A writer in the Gentleman's Magazine for 1755 (Dr. Pegge), who appears to have paid much attention to the Cardinal Wolsey's history, suggests that Wolsey was the means of abating the anger of Henry at the marriage of Suffolk with his sister Mary Queen of France, which might have been made a treasonable offence. A letter from Mary to Wolsey, dated March 22, 1515, after her marriage with Suffolk, which is still extant in the Cotton Collection, gives some probability to this conjecture.

[146] i. e. Dr. Stephen Gardiner.

[147] i. e. The season of hunting, when the hart is in _grease_ or full season. Dr. Wordsworth's edition and the more recent manuscripts read--'all _that_ season.'

[148] The following additional particulars of the route are found in more recent MSS. "And were lodged the first night at a towne in Bedfordshire, called Leighton Bussarde, in the parsonage there, being Mr. Doctor Chambers's benefice, the kings phisitian. And from thence they rode the next day."

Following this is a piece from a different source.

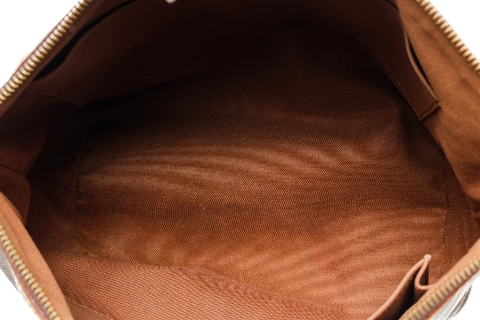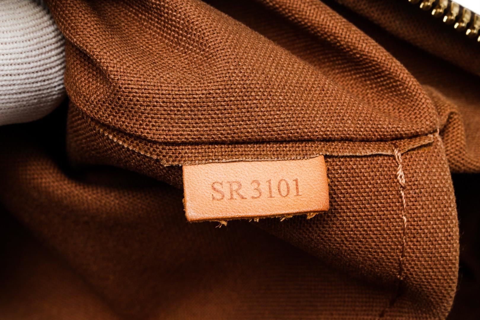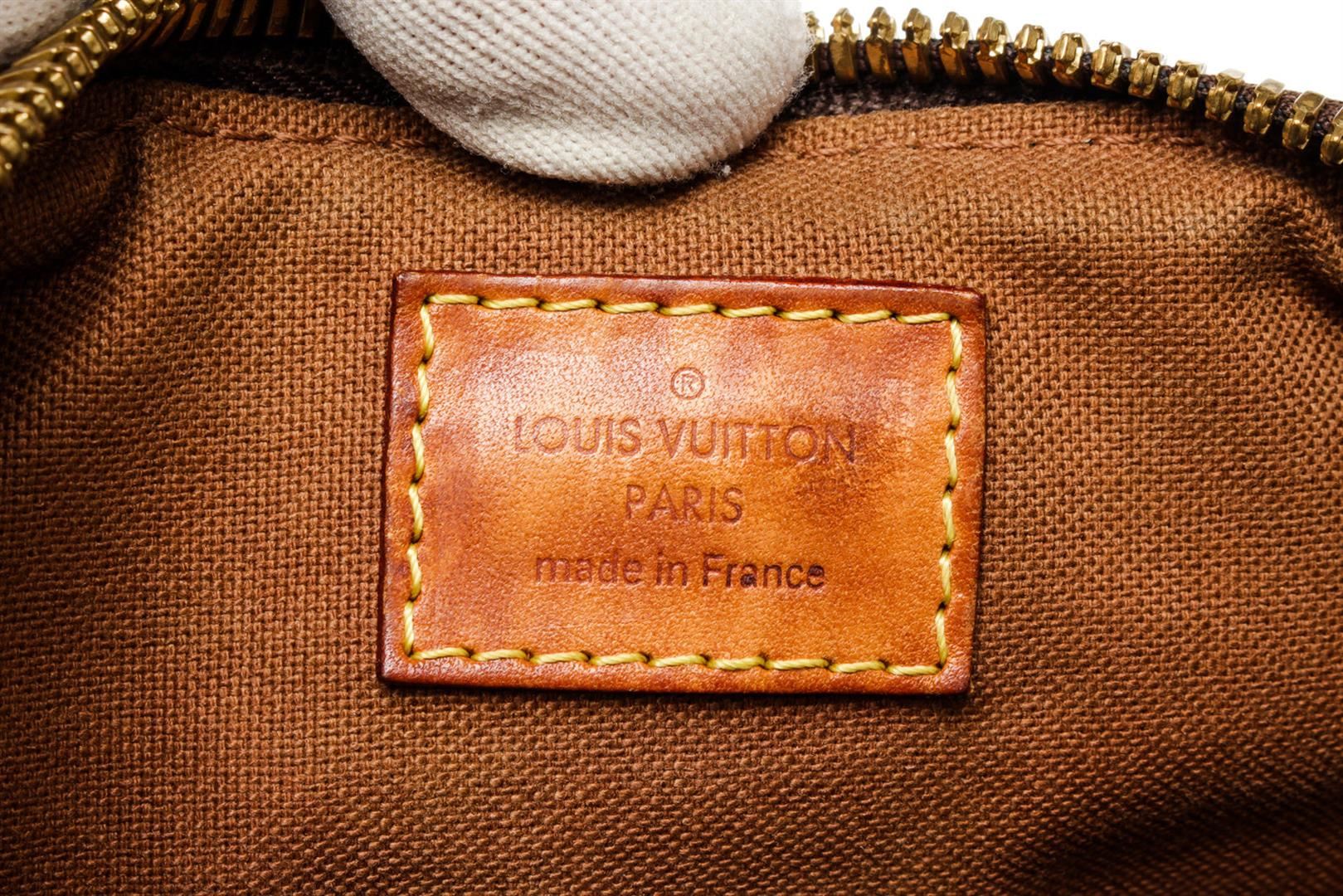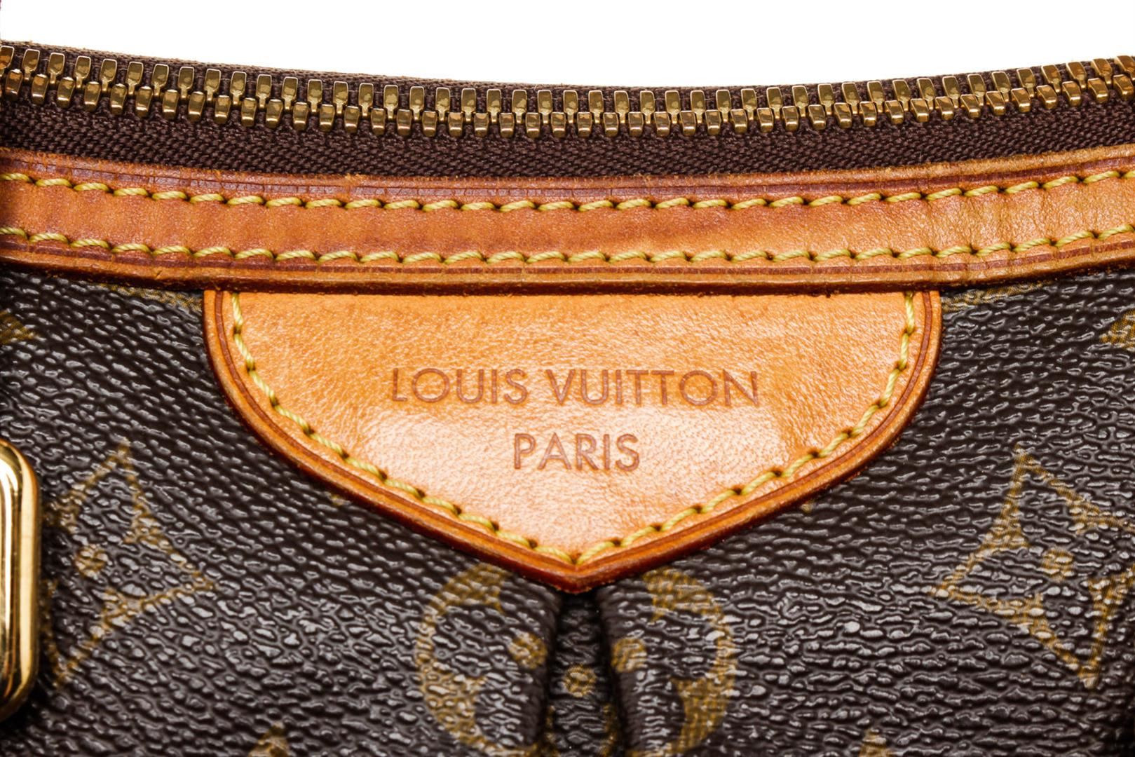 Louis Vuitton Brown Palermo PM Tote Bag with monogram canvas, gold-tone hardware, trim tan vachetta leather, interior slip pocket, canvas lining, shoulder strap and zipper closure.

[149] The king had listened to their suggestions against the cardinal, and they felt assured of success; they are represented by an eyewitness, as boasting openly that they would humble him and all churchmen, and spoil them of their wealth: "La faintaisie de ces seigneurs est, que lui mort ou ruiné ils déferrent incontinent icy l'estat de l'eglise, et prendront tous leurs biens; qu'il seroit ja besoing que je le misse en chiffre, car ils le crient en plaine table."

_L'Evesque de Bayonne, Le Grand_, Tom. iii. p. 374.

[150] "Le pis de son mal est, que Mademoiselle de Boulen a faict promettre à son Amy qu'il ne l'escoutera jamais parler; car elle pense bien qu'il ne le pourroit garder d'en avoir pitié."

_Lettre de l'Eveque de Bayonne ap. Le Grand_, Tom. iii. p. 375.

The manor of THE MOOR was situate in the parish of Rickmansworth, in Hertfordshire; the site is still called Moor Park. It was purchased and the house built by George Neville, Archbishop of York. Edward the fourth had promised to make that prelate a visit there, and while he was making suitable preparations to receive his royal master he was sent for to Windsor, and arrested for high treason. The king seized at the Moor all his rich stuff and plate to the value of 20,000_l._ keeping the archbishop prisoner at Calais and Hammes. _Stowe_, A^o. 1472. There was a survey of the house in 1568, by which it appears the mansion was of brick, the chief buildings forming a square court, which was entered by a gate-house with towers: the whole was moated. It was then in a dilapidated state.

[151] "Le Cardinal Campège est encores à Douvres, et à ceste heure (je) viens d'entendre que, soubz couleur de faute de Navires, on ne le veult laisser passer, sans y prendre avis, de paeur qu'il n'emporte le thrésor du Card. d'Yorc."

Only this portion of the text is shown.